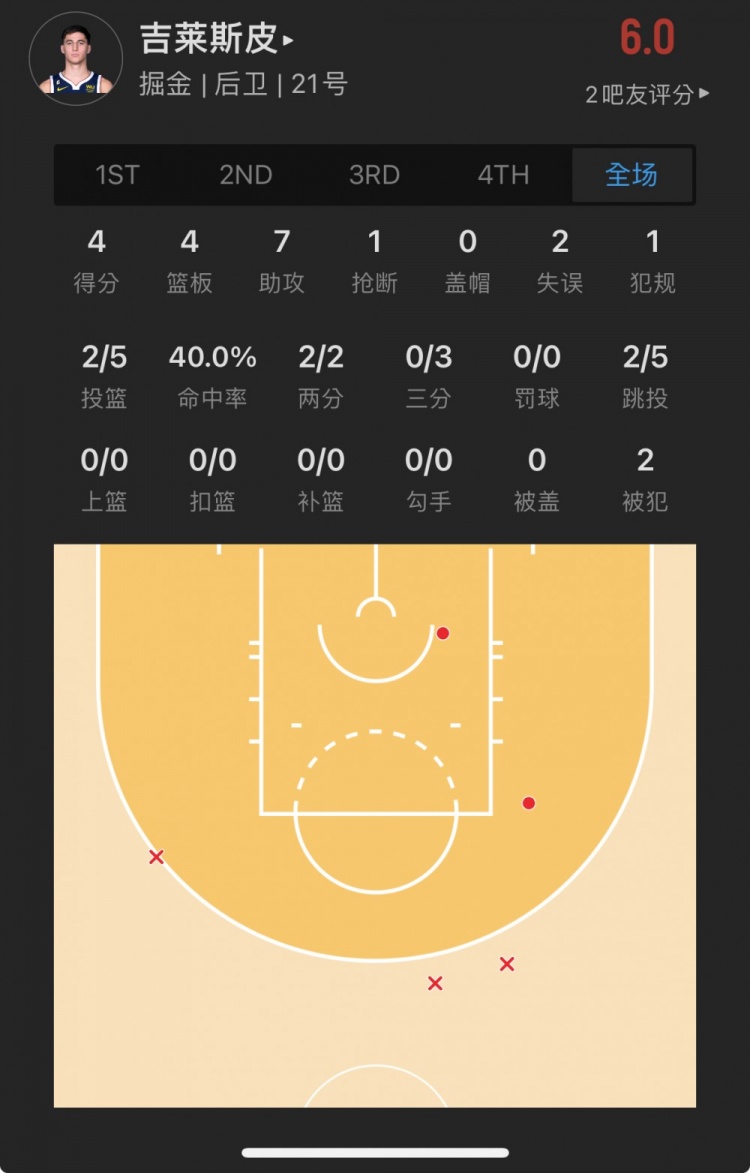 掘金落选秀 科林-吉莱斯皮 出战21.0分钟
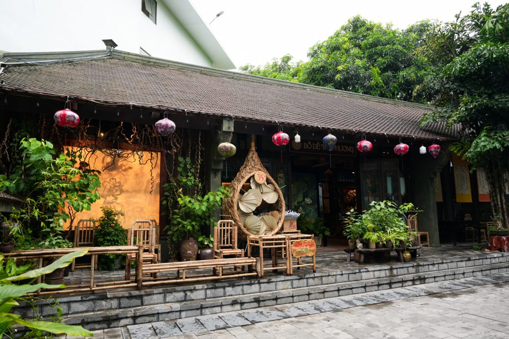 伝統美と現代的な賑わいが融合した、近年注目されているナイトスポット。石畳の通りに並ぶ提灯が夕暮れを彩り、訪れる人々をまるで時代劇の世界へと誘います。昼は書道や陶芸、民族衣装の試着体験など、五感を刺激するアクティビティが充実。夜になると、屋台に灯りが付き、炭火の香ばしい香りとともに、地元料理がずらりと並びます。ヤギ肉料理、コムチャイ(Com Chay)、チェー(Che)など、ここでしか味わえない郷土グルメを片手に、民族芸能「チェオ(Cheo)」のステージや水上人形劇を楽しむのが定番です。
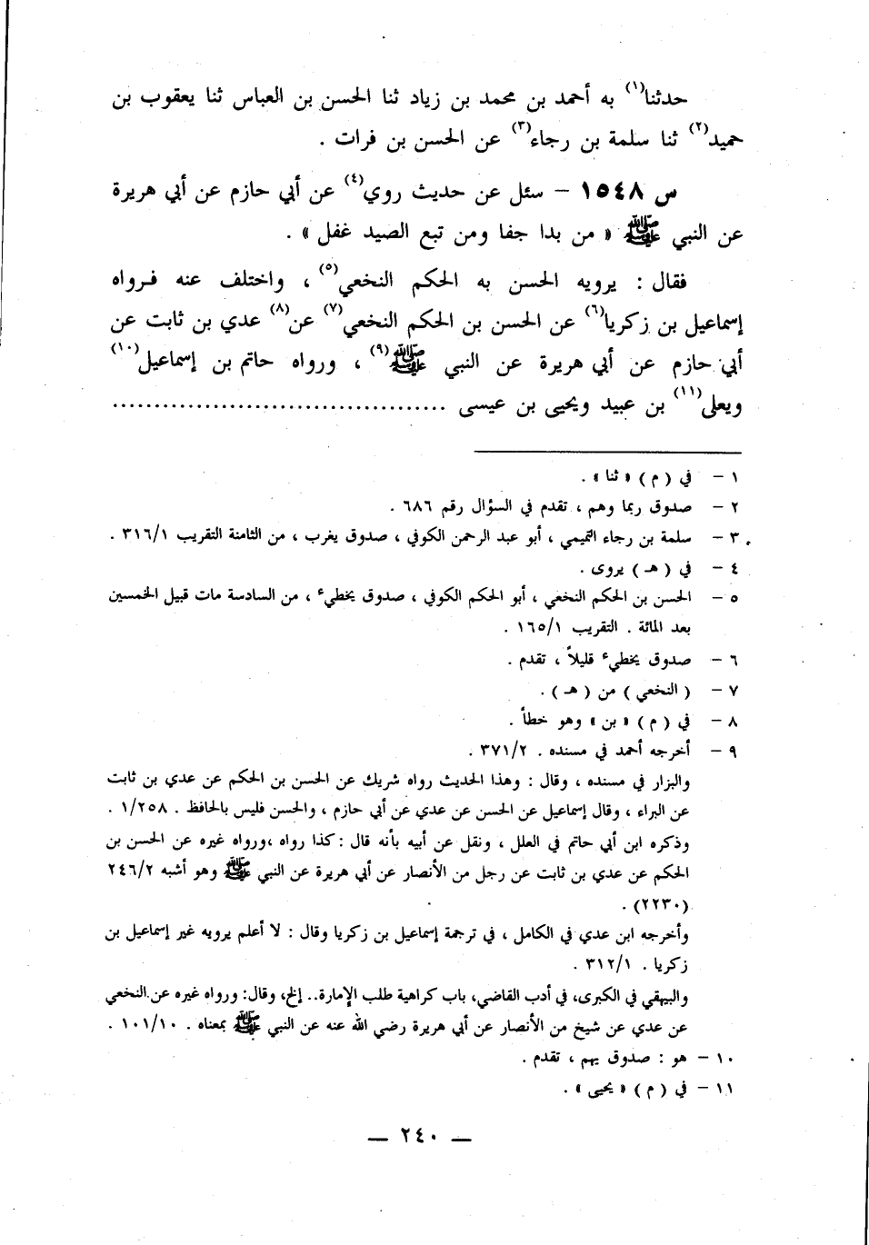 1548- سُئِلَ عَنْ حَدِيثٍ رُوِيَ عَنْ أَبِي حَازِمٍ، عن أبي هريرة، عن النبي صلى الله عَلَيْهِ وَسَلَّمَ: مَنْ بَدَا جَفَا، وَمَنْ تَبِعَ الصَّيْدَ غَفَلَ.
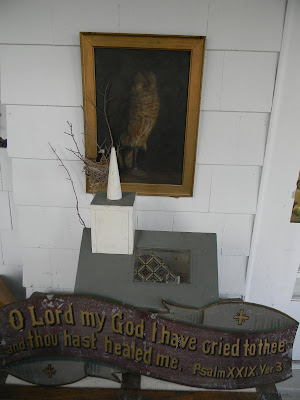After an entire late autumn and winter with NO flea markets, we awoke last Sunday before dawn, and pulled out the Robins In The Trundle Bed totes painted with the images of a gorgeous woman, perfectly dressed and coiffed! We, unlike the French lass decorating our bags, put on as many layers under our winter coats as we could and still be able to move! When we arrived at the market, the ground was covered in frost and was hard and cracked under our feet from the recent drought. I think we were sleeping standing up, as we would spy something we thought was simply "I'll die if I don't buy that and make it my own NOW" just as someon grabbed the antiques out from under our noses. Between the sleepiness and the inability to move our arms from the excessive layering and the freezing temps, it is a testament to our treasure hunting abilities that we managed to unearth these finds! As the morning wore on and the April sun warmed the ground, the earth turned to mud and we began to thaw. We found an antique gingham apron with hand embroidered flowers; a linsey woolsey that a frugal New England housewife had patched and re-patched and then patched again; a stack of Peterboro New Hampshire primers, one that had been turned into a recipe book; a tin sign from a Church, hand painted with the most inspirational psalm; two antlers made into beautiful brushes... A few more times around the field and then off to the cafe. After all that work the steaming mugs of coffee never tasted so good!
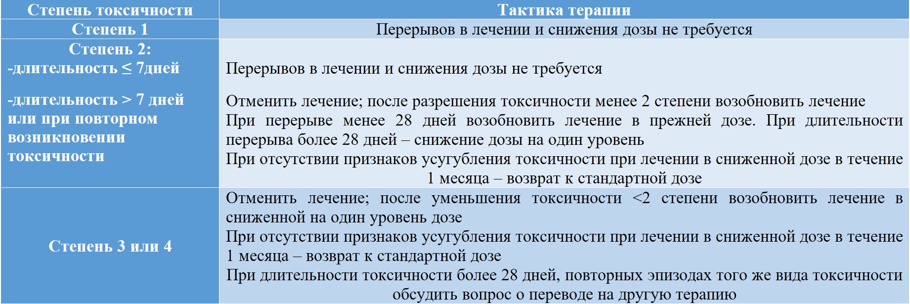 • если перерыв в лечении составлял менее 2 недель, то терапия возобновляется в прежней дозе, при перерыве более 2 недель – в сниженной на один уровень дозе (см. табл. 4 – дозы ИТК);
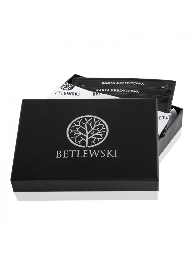 etui na karty marki Betlewski materiał wykonania: skóra naturalna na froncie znajduje się tłoczone logo marki etui posiada:- 4 miejsca na karty- 1 większą kieszonkę np. na banknoty owinięte w papier ...
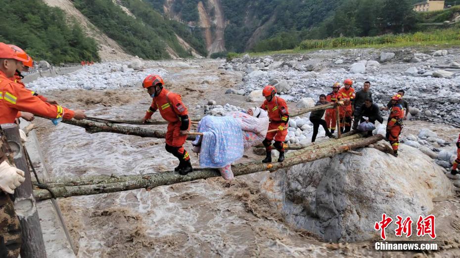 圖為森林消防員正在轉(zhuǎn)移受傷群眾和村民。 四川森林消防供圖 攝
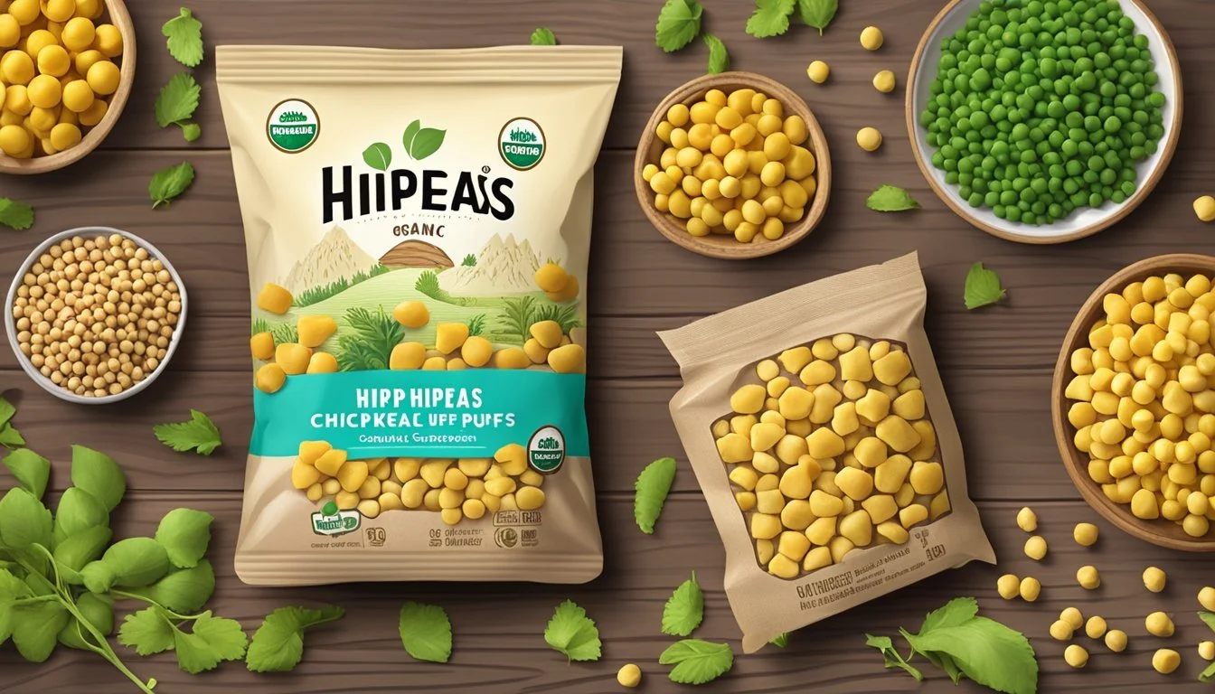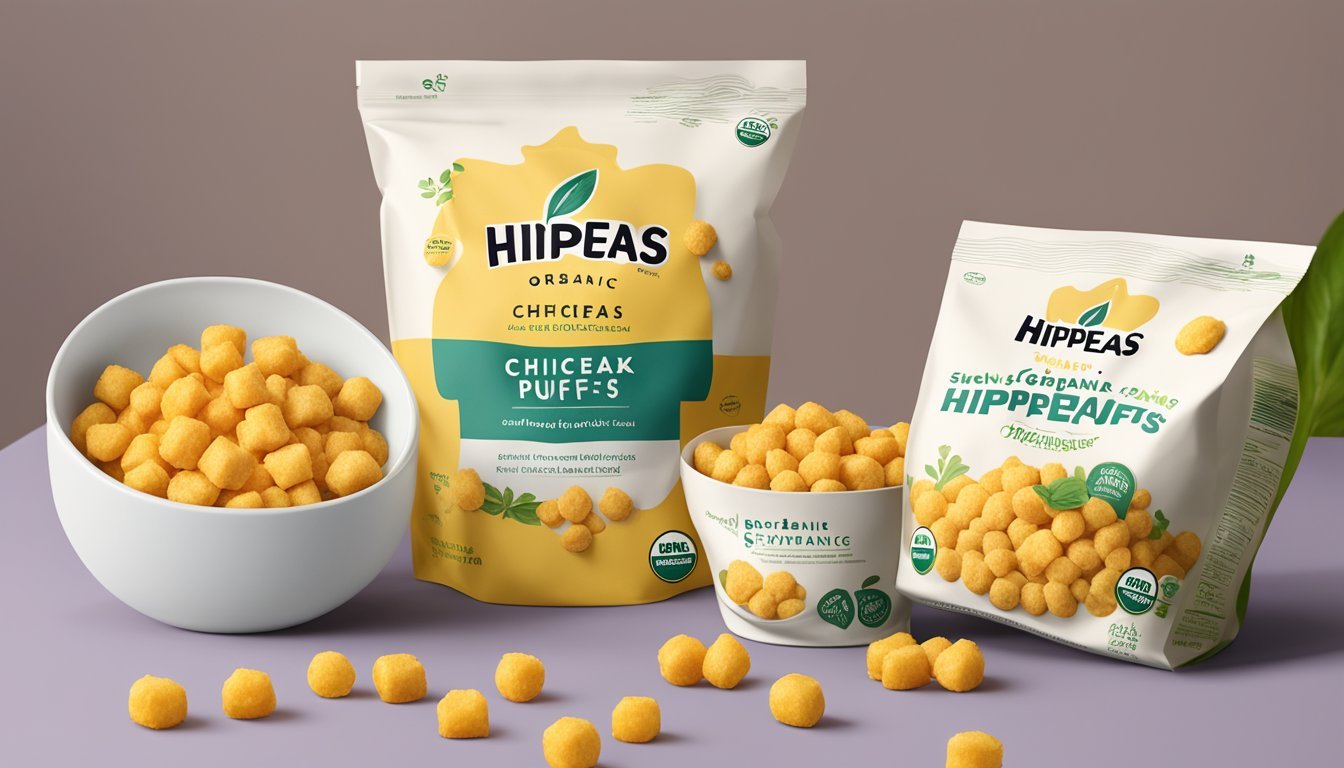 Hippeas Organic Chickpea Puffs come in specific packaging designed to maintain freshness and flavor. The packaging prominently features the branding and necessary nutritional information, serving sizes, and ingredients.
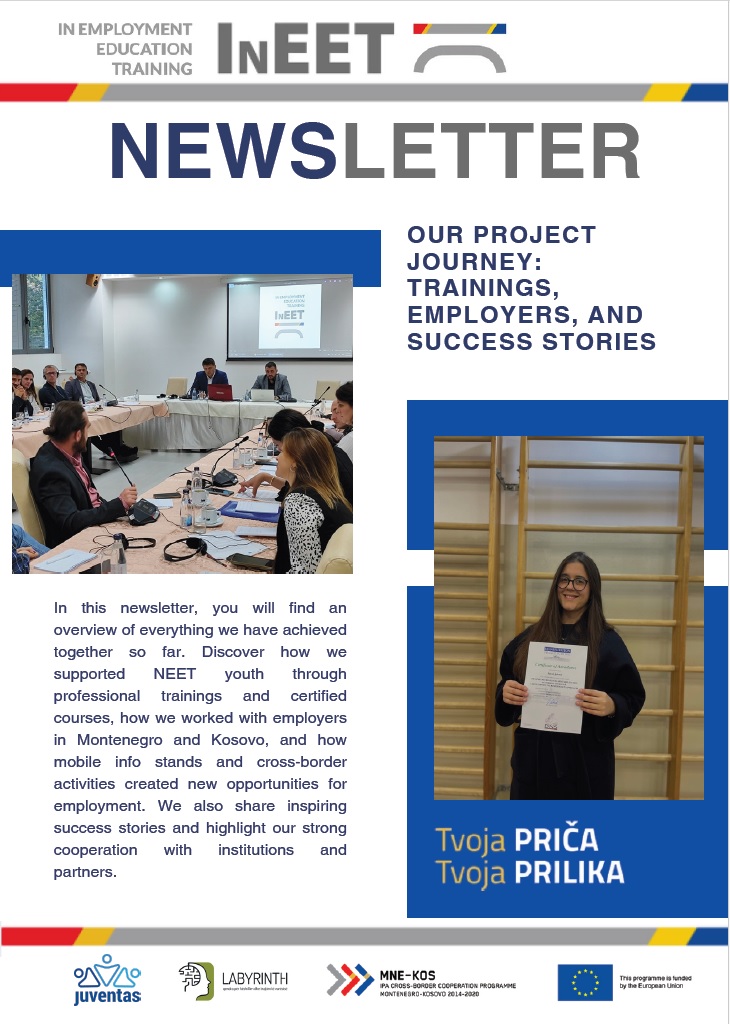 U ovom informatoru pronaći ćete pregled svega što smo zajedno postigli do sada. Saznajte kako smo podržali mlade iz NEET populacije kroz stručna osposobljavanja i sertifikovane kurseve, kako smo sarađivali s poslodavcima u Crnoj Gori i na Kosovu, te kako su mobilni info štandovi i prekogranične aktivnosti otvorili nove prilike za zapošljavanje. Donosimo vam i inspirativne uspješne priče, kao i prikaz naše saradnje s institucijama i partnerima.
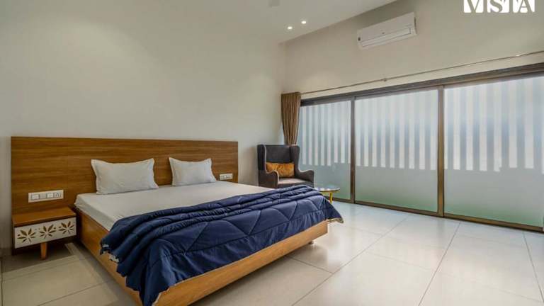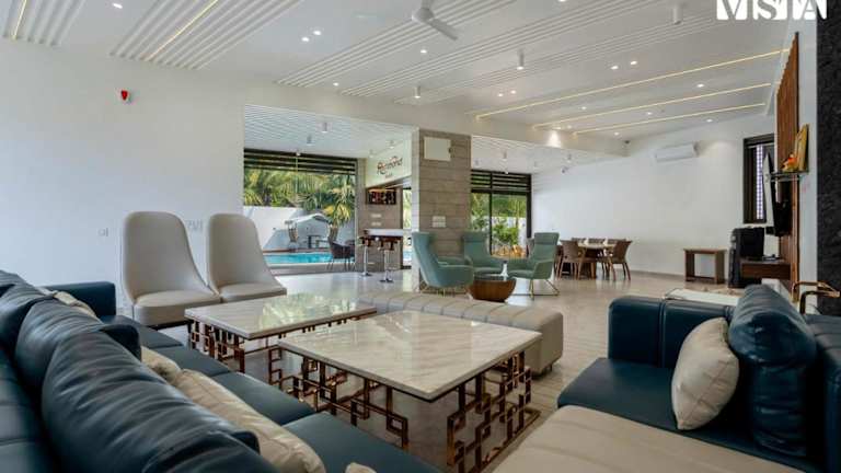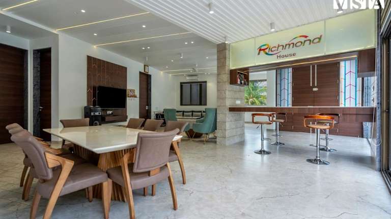 StayVista's Richmond House ist eine Unterkunft, die Komfort und Annehmlichkeiten in einem ruhigen Ambiente bietet. Die Anlage verfügt über einen Garten sowie einen Außenpool, der ganzjährig nutzbar ist. Die Räumlichkeiten sind klimatisiert und bieten kostenfreies WLAN für die Gäste. Besonderen Wert wird auf Hygiene und Sicherheit gelegt, mit Maßnahmen zur Desinfektion und Abstandsregelungen.
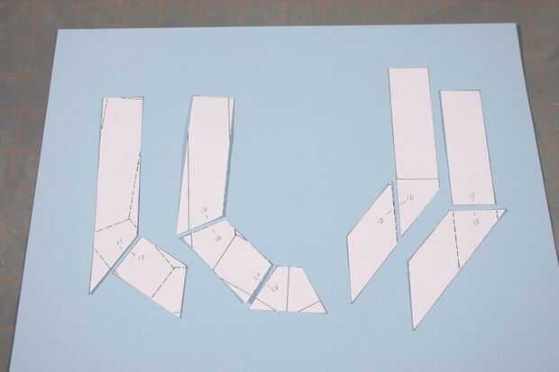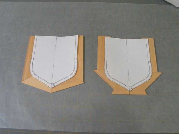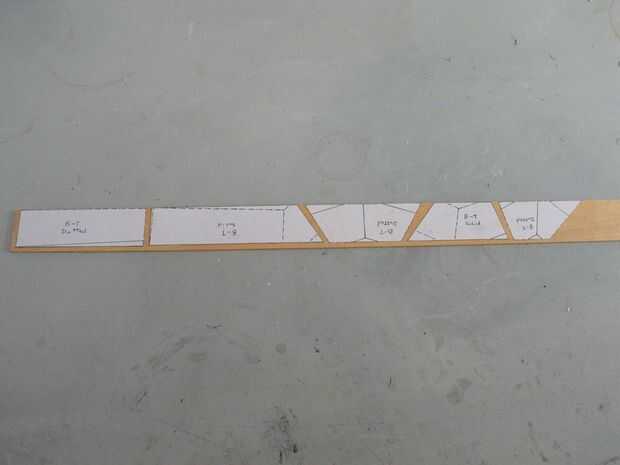 La foto 1 muestra la forma de las piezas en el marco en blanco que debe ser cortado. En el lado derecho de la foto ves las piezas de medio marco los espacios en blanco, marcos de 24 a 34. En el lado izquierdo ver las piezas para el marco en blanco para los marcos 1, 21, 22 y 23. El marco en blanco para los marcos de 2 a 20 es similar al espacio en blanco de Marcos 1, 21, 22 y 23.

▸ **TASK TO CARRY OUT**: Text only, please: give the listing again word for word with no images.

▸ **RESPONSE AREA**:
 掘金落选秀 科林-吉莱斯皮 出战21.0分钟
 伝統美と現代的な賑わいが融合した、近年注目されているナイトスポット。石畳の通りに並ぶ提灯が夕暮れを彩り、訪れる人々をまるで時代劇の世界へと誘います。昼は書道や陶芸、民族衣装の試着体験など、五感を刺激するアクティビティが充実。夜になると、屋台に灯りが付き、炭火の香ばしい香りとともに、地元料理がずらりと並びます。ヤギ肉料理、コムチャイ(Com Chay)、チェー(Che)など、ここでしか味わえない郷土グルメを片手に、民族芸能「チェオ(Cheo)」のステージや水上人形劇を楽しむのが定番です。
 1548- سُئِلَ عَنْ حَدِيثٍ رُوِيَ عَنْ أَبِي حَازِمٍ، عن أبي هريرة، عن النبي صلى الله عَلَيْهِ وَسَلَّمَ: مَنْ بَدَا جَفَا، وَمَنْ تَبِعَ الصَّيْدَ غَفَلَ.
After an entire late autumn and winter with NO flea markets, we awoke last Sunday before dawn, and pulled out the Robins In The Trundle Bed totes painted with the images of a gorgeous woman, perfectly dressed and coiffed! We, unlike the French lass decorating our bags, put on as many layers under our winter coats as we could and still be able to move! When we arrived at the market, the ground was covered in frost and was hard and cracked under our feet from the recent drought. I think we were sleeping standing up, as we would spy something we thought was simply "I'll die if I don't buy that and make it my own NOW" just as someon grabbed the antiques out from under our noses. Between the sleepiness and the inability to move our arms from the excessive layering and the freezing temps, it is a testament to our treasure hunting abilities that we managed to unearth these finds! As the morning wore on and the April sun warmed the ground, the earth turned to mud and we began to thaw. We found an antique gingham apron with hand embroidered flowers; a linsey woolsey that a frugal New England housewife had patched and re-patched and then patched again; a stack of Peterboro New Hampshire primers, one that had been turned into a recipe book; a tin sign from a Church, hand painted with the most inspirational psalm; two antlers made into beautiful brushes... A few more times around the field and then off to the cafe. After all that work the steaming mugs of coffee never tasted so good!
 • если перерыв в лечении составлял менее 2 недель, то терапия возобновляется в прежней дозе, при перерыве более 2 недель – в сниженной на один уровень дозе (см. табл. 4 – дозы ИТК);
 etui na karty marki Betlewski materiał wykonania: skóra naturalna na froncie znajduje się tłoczone logo marki etui posiada:- 4 miejsca na karty- 1 większą kieszonkę np. na banknoty owinięte w papier ...
 圖為森林消防員正在轉(zhuǎn)移受傷群眾和村民。 四川森林消防供圖 攝
 Hippeas Organic Chickpea Puffs come in specific packaging designed to maintain freshness and flavor. The packaging prominently features the branding and necessary nutritional information, serving sizes, and ingredients.
 U ovom informatoru pronaći ćete pregled svega što smo zajedno postigli do sada. Saznajte kako smo podržali mlade iz NEET populacije kroz stručna osposobljavanja i sertifikovane kurseve, kako smo sarađivali s poslodavcima u Crnoj Gori i na Kosovu, te kako su mobilni info štandovi i prekogranične aktivnosti otvorili nove prilike za zapošljavanje. Donosimo vam i inspirativne uspješne priče, kao i prikaz naše saradnje s institucijama i partnerima.
 StayVista's Richmond House ist eine Unterkunft, die Komfort und Annehmlichkeiten in einem ruhigen Ambiente bietet. Die Anlage verfügt über einen Garten sowie einen Außenpool, der ganzjährig nutzbar ist. Die Räumlichkeiten sind klimatisiert und bieten kostenfreies WLAN für die Gäste. Besonderen Wert wird auf Hygiene und Sicherheit gelegt, mit Maßnahmen zur Desinfektion und Abstandsregelungen.
 La foto 1 muestra la forma de las piezas en el marco en blanco que debe ser cortado. En el lado derecho de la foto ves las piezas de medio marco los espacios en blanco, marcos de 24 a 34. En el lado izquierdo ver las piezas para el marco en blanco para los marcos 1, 21, 22 y 23. El marco en blanco para los marcos de 2 a 20 es similar al espacio en blanco de Marcos 1, 21, 22 y 23.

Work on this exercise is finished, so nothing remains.